You worked with Dr. Jim Foulds (on natural heritage facets) and Ken Donovan (who wrote about shipbuilding and ferries) to create a book that looks at water from many varied perspectives. What can you tell us about that collaboration?
Collaborating on a book was a new experience for me, and I was a little nervous at first because Jim and Ken are both highly qualified in their fields. I felt a little out of my depth. But once I realized how reassuring it was to have their expert input, writing the book became easier for me. They were both very congenial to work with and their contributions made the book so much more informative and interesting than I could have accomplished on my own. Also, the photographer, Barry Morrison, was an important member of the collaboration, as his beautiful photos added the finishing touch.
What is unusual about this book on water is it looks at its subject from so many perspectives: geologic, ecologic, anthropological, historic and sociological. What do readers gain when so many ways of understanding these waterways come together?
By learning more about the geology of our island, we can’t help but gain a better appreciation for our natural surroundings. When we realize that these waterways resulted from geological activity that took place 500 million years ago, it puts their existence into perspective and makes us want to protect and preserve them.
From the human history viewpoint, the fact that these waterways were vital to human existence right from the beginning is incredible. Archaeological evidence found in Ingonish in the 1970s proves the existence of Paleo-Indians, or their descendants the Archaic peoples, on Cape Breton Island at least 2,500 years ago and possibly as long as 9,000 years ago!
The waterways were also vital to the European pioneers who began settling here in the 1600s. I think when we look at the waterways from these aspects (geological, historical, anthropological, etc.) we don’t just see a body of water, but a living link that connects the past, present and hopefully the future.
In your research, what did you learn that surprised you most?
I was truly surprised by what I learned about the island’s geology. I didn’t have a true appreciation for just how long ago these rivers, valleys and lakes were formed. For example, the Mira River Valley resulted from 320-million-year-old Carboniferous and 500-million-year-old Cambrian and Precambrian formations. 340 million years ago, the Middle River watershed was at the bottom of the ‘Windsor Sea.’ These facts were revelations to me.

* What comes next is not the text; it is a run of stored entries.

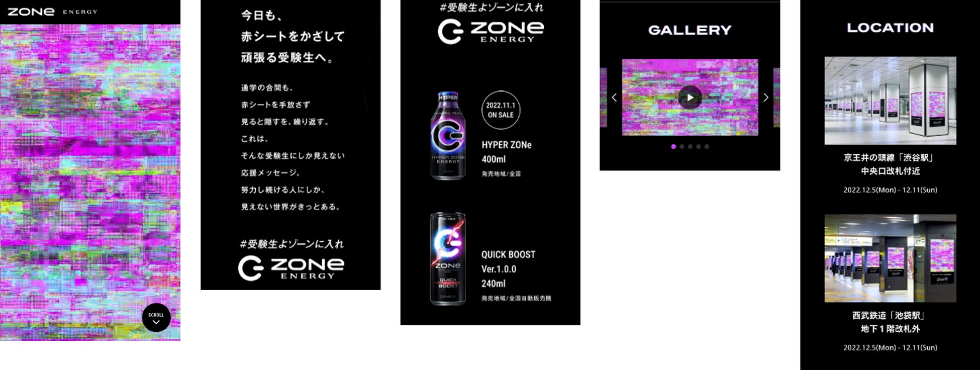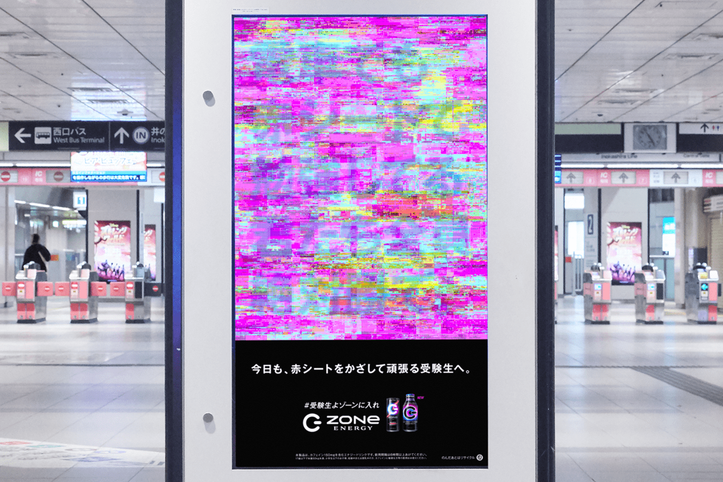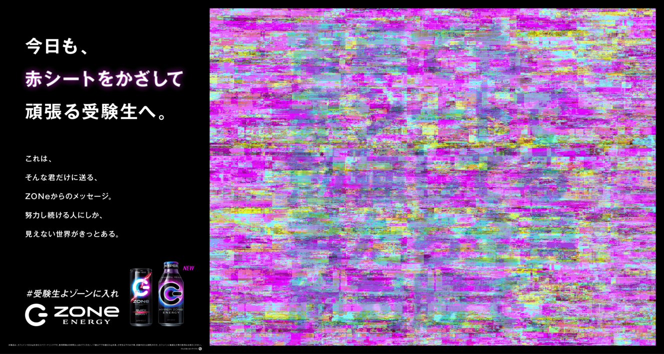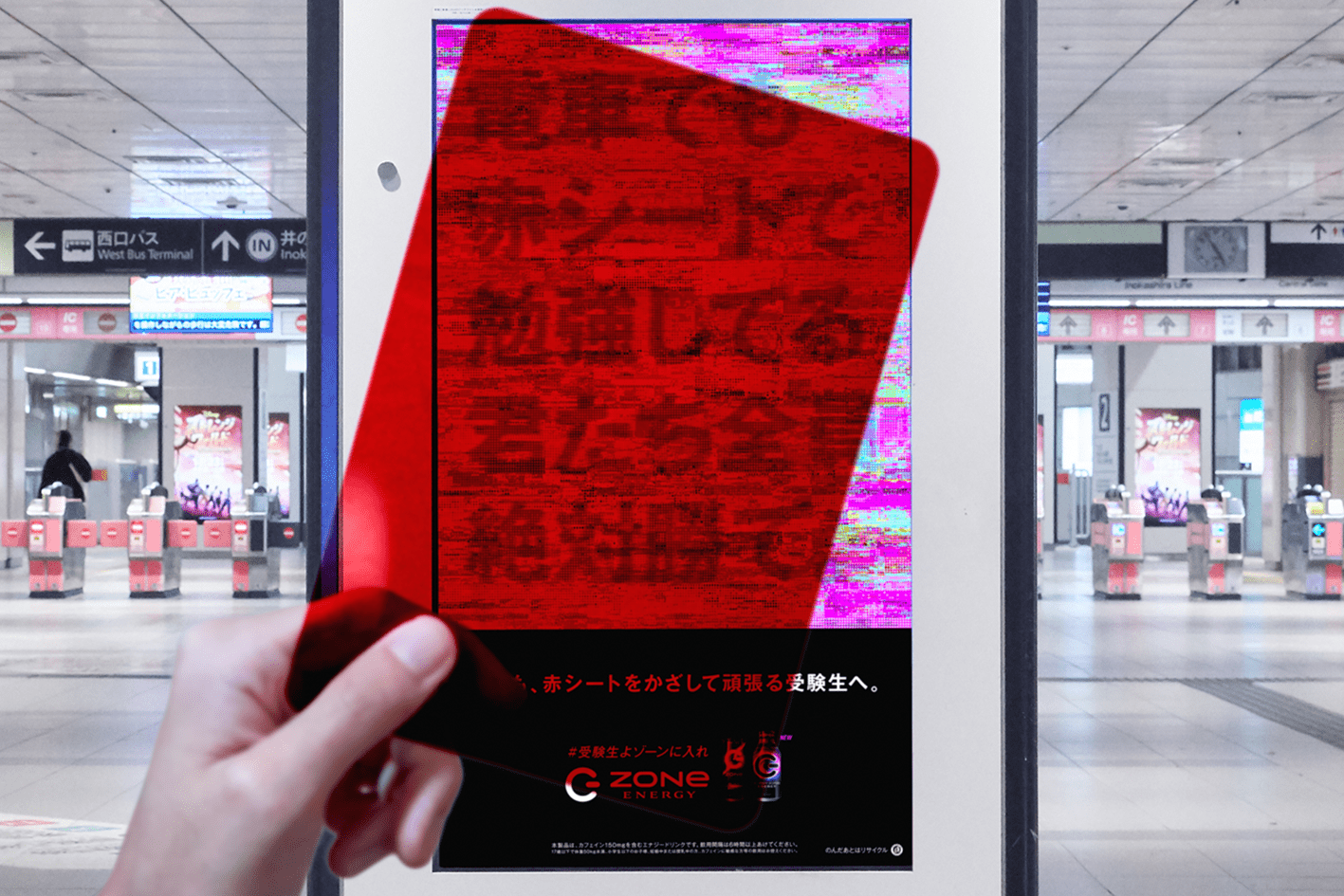 飲む者を無敵のゾーンへと導く「ZONe ENERGY(ゾーン エナジー)」は、受験生の必需品である赤シートを活用した”受験生にしか見えないメッセージ”を2022年12月5日(月)より予備校が密集する渋谷駅・池袋駅にて掲出開始します。本広告では受験を乗り越えてきたOB/OGである河野玄斗さん・ヨビノリたくみさん・ぴけさんに応援メッセージを頂いています。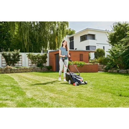 Dank des Kunststoffgehäuses wartet der Mäher mit einem geringen Gewicht auf und ist aufgrund seiner hohen Wendigkeit sowie der Schnittbreite von 32 cm ideal geeignet, um kleinere Gärten zu pflegen. Der 18 V Lithium-Ionen-Akku sorgt dabei für ein effizientes Arbeiten auf Rasenflächen mit bis zu 200 m².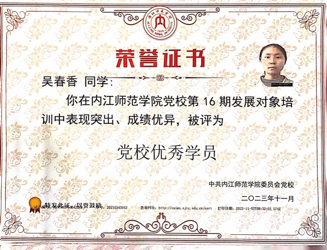 吴春香自2021年9月入校以来,在思想上和行动上严格要求自己,积极向党组织靠近,在入校的第一学期便向党组织提交了入党申请书,在这两年多的时间里,她时刻以党员的标准要求自己,不断提高自身思想觉悟,及时进行自我批评,弥补自身不足,在不断的磨练与成长中,经过学习、培训、考验,最终顺利成为一名中共预备党员。在不断加强自身素养的同时,作为班干部,认真参与并组织班集体活动,全心全意为同学服务,做老师的好帮手。作为新时代的新青年,她树立了远大理想,并付诸于实际行动,踏实完成每一件小事,努力达成自己的目标。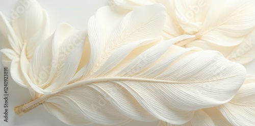 Obraz premium Creamy white feather texture, soft, delicate, intricate pattern , backdrop, cream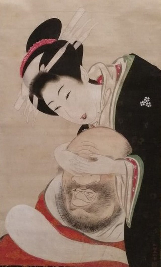 A woman blindfolds Bodhidharma, Ishida Guokuzan, late Edo period (early 19th to early 20th century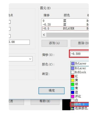 5、先設置2-4元素信息。單擊第二個元素并在下面的紅色框中輸入信息。偏移量:寫入0.25,顏色,選擇藍色。根熱周場查控洋準據個人需要上色。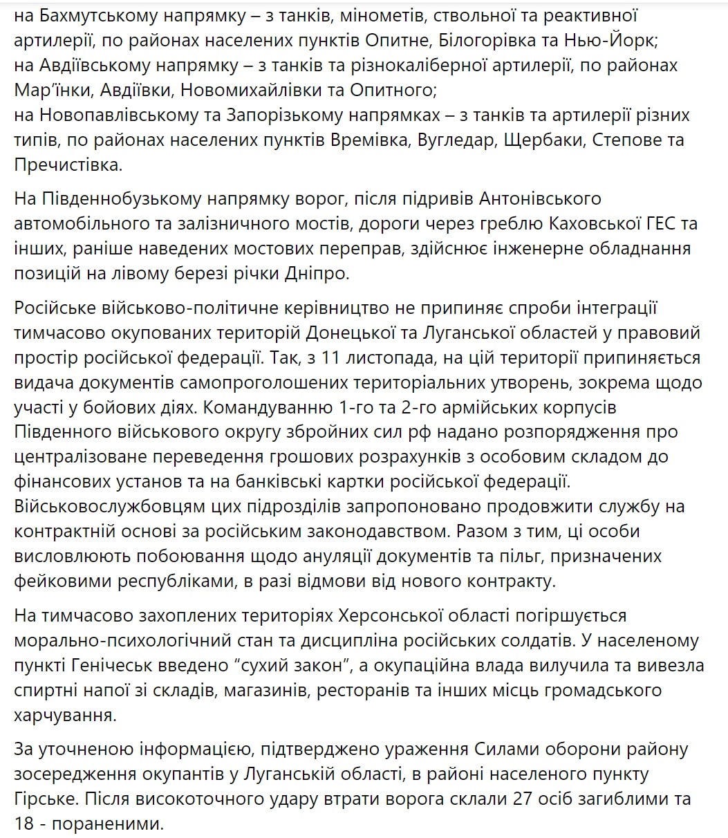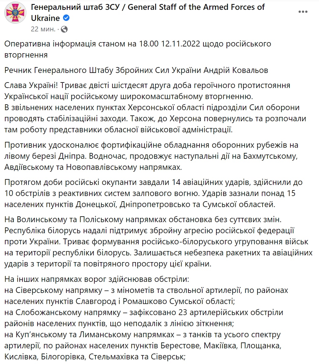 7.22 Сводка украинского Генштаба на утро 12 ноября. Главное: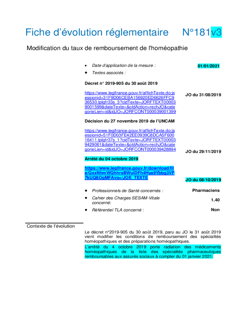 Fiche evolution rglementaireN181v3Modification Du tax DE reimbursement de l\'homeopathic Dated application DE la measure :Texts assoc is :01/01/2021Dcret n 2019905 Du 30 AOT 2019 HTTPS://www.legifrance.gouv.fr/affichTexte.do;js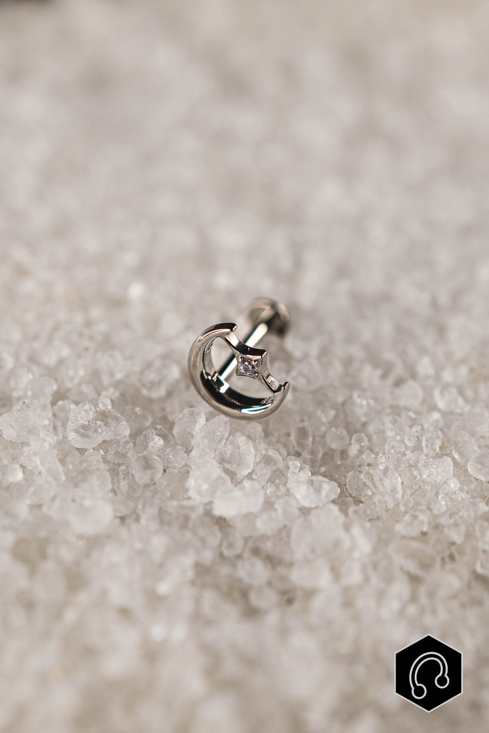 Le labret titane argenté Selmyra Moon séduit par son design délicat. Inspiré par la douceur célestes, il apporte une touche subtile et raffinée, idéale pour celles et ceux qui recherchent un bijou à la fois symbolique et élégant.

My favourite learning experience writing the book was the story of the wood turtle, an endangered species found in very few places in Nova Scotia, one place being a protected area along the River Inhabitants. These turtles are so adorable that people will often pick them up and take them home for pets. It takes 15 years for a wood turtle to mature and breed, and some live for over 30 years in the wild. The removal of even one adult female turtle can be disastrous.
You say in the Introduction that your intent is to “entertain as well as to inform.” Can you tell us a bit about why this entertainment aspect is important to you?
Not everyone is able to get out and enjoy a walk along a river or a canoe trip on a lake. One of my hopes for the book is that it will provide people with an opportunity to enjoy these beautiful places just by reading about them and seeing the photos. We subtitled the book “A Casual Reference” to highlight the fact that it is not a guidebook and not intended to be used only by those who are able to go out hiking, fishing and boating.
We want it to be a book that everyone can enjoy, including armchair explorers, and hopefully they will learn a little something along the way. As I said before, I believe the more all of us know about our natural surroundings, the more we appreciate them and see the value in protecting them.